When you cannot articulate why you feel hollow, the emptiness becomes suffocating. An invisible raincloud hovered overhead me—even on perfect 80-degree summer days. Those days are the cruelest, because neither you nor anyone else can comprehend how you can feel so cold beneath so much sun.
In time, I found myself again—familiar, yet undeniably new.
Balance has always been my battle.
I am hard on myself. My conscience can be a tyrant. I lunge toward extremes—then fall off the wagon because it was tilted too far to begin with.
I am not writing this with a tidy solution.
I am still searching.
But I know this: in chasing extremes, I have come to know myself intimately. I have uncovered fears, tendencies, flaws, and gifts that required excavation.
Perhaps by confronting a crisis about my path at twenty-one, I spared myself years of quiet resentment in a career I hated. I know that when rigor is required—when distraction must be blocked out—I can endure. I can commit.

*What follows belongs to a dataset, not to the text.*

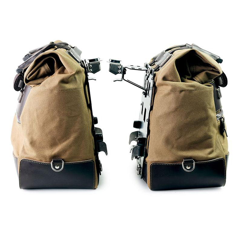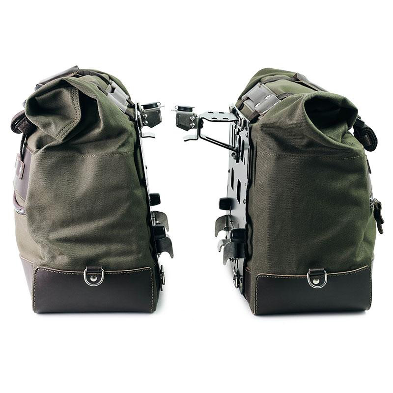 Paire de sacoches latérales Cult en coton imperméable avec plaques arrière en aluminium + attache rapide et serrure en acier inoxydable

The year that felt as though it had broken me was, in truth, more like a strained muscle—aching and tender for a time, stiff in its recovery, yet quietly rebuilding itself beneath the surface, growing back steadier and stronger than before.
Blurriness, I’ve learned, is sometimes necessary. When you experiment wildly with identity and experience, clarity does not arrive immediately. There is a healing period before the mirror reflects you cleanly again.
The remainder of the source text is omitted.